Pretty hardcore restoration there. Now if only you can find a 100 yr old abandoned nickel mine to use for re-plating.


----------



## pelletman (May 2, 2011)

Preserve don't restore wherever possible.  Rims were painted and varnished in the day


----------



## ftwelder (May 7, 2011)

I just ended up using fine steel wool to remove the loose finish. I then did two coats of tung oil. They look stunning.





27 048 by barnstormerbikes, on Flickr




27 046 by barnstormerbikes, on Flickr

I now need eight more spoke nipples like this.




27 043 by barnstormerbikes, on Flickr


----------



## chitown (May 7, 2011)

Looks fantastic. The frame and parts look great all stripped down too. Heck just coat the frame in tung oil and wax to show off those rolled tubes! Who needs paint!

Good luck on those nipples... I'm sure someones got a drawer full of those things, it's finding that person that is the joy of the hunt... and the frustration of the hunt as well.

Any thoughts on adding some wax?

Chris


----------



## ftwelder (May 8, 2011)

chitown said:


> Looks fantastic.
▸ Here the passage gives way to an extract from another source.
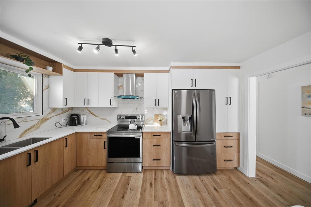 4G//Winnipeg/OPEN HOUSE SAT, SUN 2PM-4PM . Offers on Feb.12th.Fully renovated 1,237 sq ft bungalow in the heart of Garden City, backing directly onto Seven Oaks Arena! This spacious home offers 5 bedrooms plus a den and 2.5 bathrooms, perfect for growing families or multi-generational living. The main floor features a primary bedroom with 2-piece ensuite, two additional good-sized bedrooms, 4 piece bath with ceramic tile tub surround, a bright great-sized living room, and a beautifully updated kitchen with quartz countertops, tiled backsplash, stainless steel appliances, and a cozy dining nook plus formal dining area. The basement offers a separate entrance, two bedrooms, a den, a 3-piece bath, and a huge rec room, ideal for extended family or future rental potential. Quality upgrades include vinyl plank flooring, tiled bathrooms, new vanities, acrylic standing shower in basement bath, newer paint throughout, and hot water tank (2026).Complete with a single attached garage and surrounded by high-demand amenities including daycare, transit, Garden City Shopping Centre, restaurants, and grocery stores. Some pics and video of the house were taken in Fall. A move-in-ready home in an unbeatable location! (231919986)

The frame and parts look great all stripped down too. Heck just coat the frame in tung oil and wax to show off those rolled tubes! Who needs paint!
> 
> Good luck on those nipples... I'm sure someones got a drawer full of those things, it's finding that person that is the joy of the hunt... and the frustration of the hunt as well.
> 
> ...




Yes, on the steel parts I used a wax based coating but it seems to stay tacky and attract dust. I might rinse it off and re-coat using Butcher's brand bowling alley wax. It goes on easy with a solvent that evaporates leaving a hard wax finish.


----------